Island Pond's island has been floating for as long as anyone can remember, buoyed by a mat of sphagnum moss and gases from decomposing plants. It is a curiosity and sometimes a nuisance for the 20 or so homes around the shoreline of this nine-acre pond in Springfield, Mass.
*snip*
Keep in mind, Springfield, Massachusetts is about 120 miles from New York City so this does not qualify as local news. It is clear that the Times is shunting unfavorable stories about Muslims to obscure parts of the paper.
A warning from the scum!
I thought the NYT was published in france, no?
> The director of the Great Mosque of Paris... urged
> the government to choose its words carefully and
> send a message of peace.
I'm sure they can save some time by re-using some of the
words sent from Paris to Germany in the 1930s.
http://www.freerepublic.com/focus/news/1516654/posts?page=1 .

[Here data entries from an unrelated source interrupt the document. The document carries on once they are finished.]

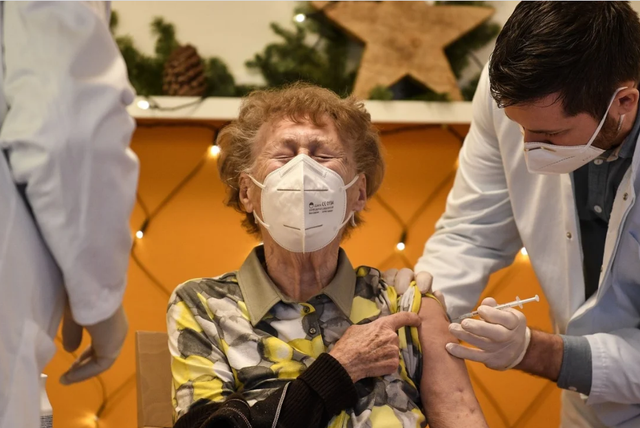 Người lớn tuổi được tiêm vắc xin Covid-19 tại viện dưỡng lão ở Đức (Ảnh: SCMP)
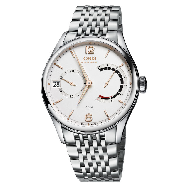 Новая модель Artelier Calibre 111 (Ref. 01 111 7700 4021 LS) от швейцарской часовой компании Oris имеет круглый полированный корпус, изготовленный из нержавеющей стали, диаметром 43,0 мм, водонепроницаемый до 30 метров. На торце рифленой заводной головки, расположенной на 3 часах, выгравировано наименование бренда Oris. Сапфировое стекло установлено на передней стороне часового корпуса (выпуклое, с антибликовым покрытием) и на его завинчивающейся задней крышке. Циферблат белого цвета, с позолоченными арабскими цифрами, продолговатыми часовыми индексами и стрелками. Часовая и минутная стрелки покрыты люминесцентным составом SuperLuminova белого цвета. На фланце имеются люминесцентные часовые точки. Модель оснащена мануфактурным швейцарским механизмом с ручным заводом Oris 111, с балансовой частотой 21600 полуколебаний в час (3 гц), десятидневным (240 часов) запасом хода, функциями индикации часов, минут (посредством соответствующих центральных стрелок), секунд (на соответствующем малом боковом циферблате, расположенном на 9 часах), даты (посредством соответствующего цифрового указателя в прямоугольной апертуре, расположенной на 9 часах), а также запаса хода (посредством соответствующего аналогового указателя, расположенного на 3 часах).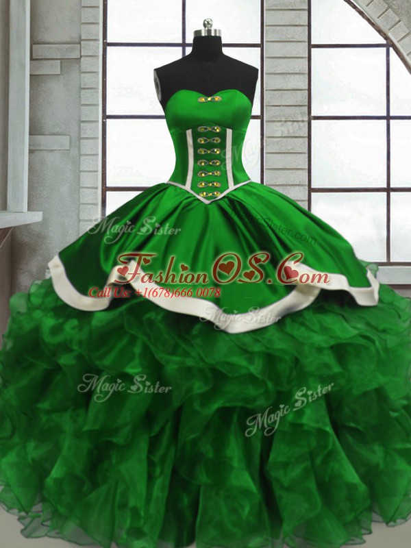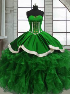 Traditional Sweetheart Sleeveless Organza Quinceanera Gown Beading and Ruffles Lace Up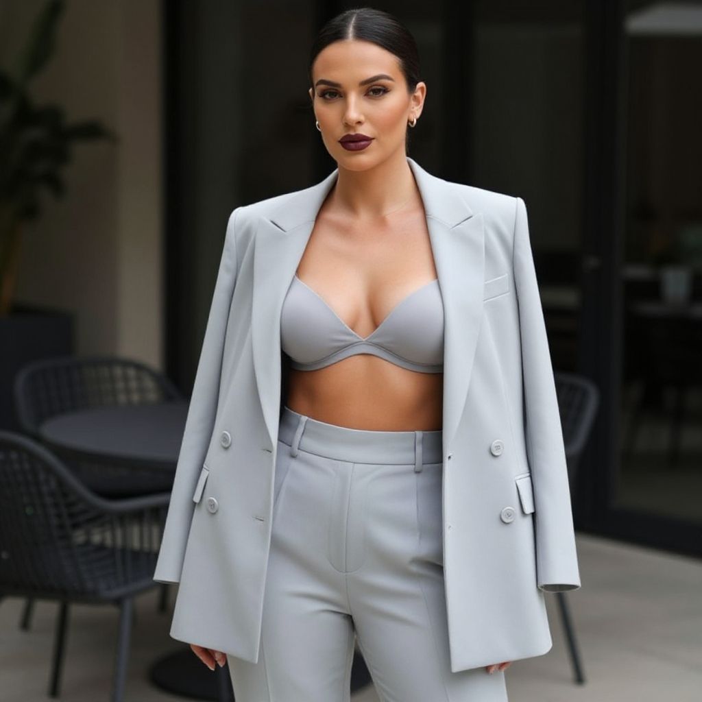 Photograph of a confident woman with dark hair in a sleek, low bun, standing outdoors. She's wearing a light gray, double-breasted blazer over a matching bralette, paired with high-waisted pants. Her makeup is bold with dark lipstick. The background shows a modern patio with dark chairs, a round table, and glass doors. The lighting is soft, highlighting her chic, professional look.

"PARIS (AFP) the 10th consecutive night of urban violences ignited in the ghettos close to Paris and in surrounding areas, with a hundred cases of vehicle arson and ten shootings by 22H00. "
Who reads NYT (new york tabloid)
In other words,the NYTimes is saying that nothing newsworthy is going on in France.How can members of the msm call themselves journalist's and keep a straight face?
They cannot.
But maybe the story of a floating island of weeds in Springfield, Mass. tops the Paris story in importance to the world.
The American public are catching on to the msm.They're hemorrhaging readers(and viewers)and in essence becoming increasingly irrelevant.
Obviously they can't. That's why the New York Sun hits my driveway every morning, along with the New York Times and the local paper. The article about the floating island was written to a Fourth Grade reading level. Clearly, there audience does not expect to be treated as adults.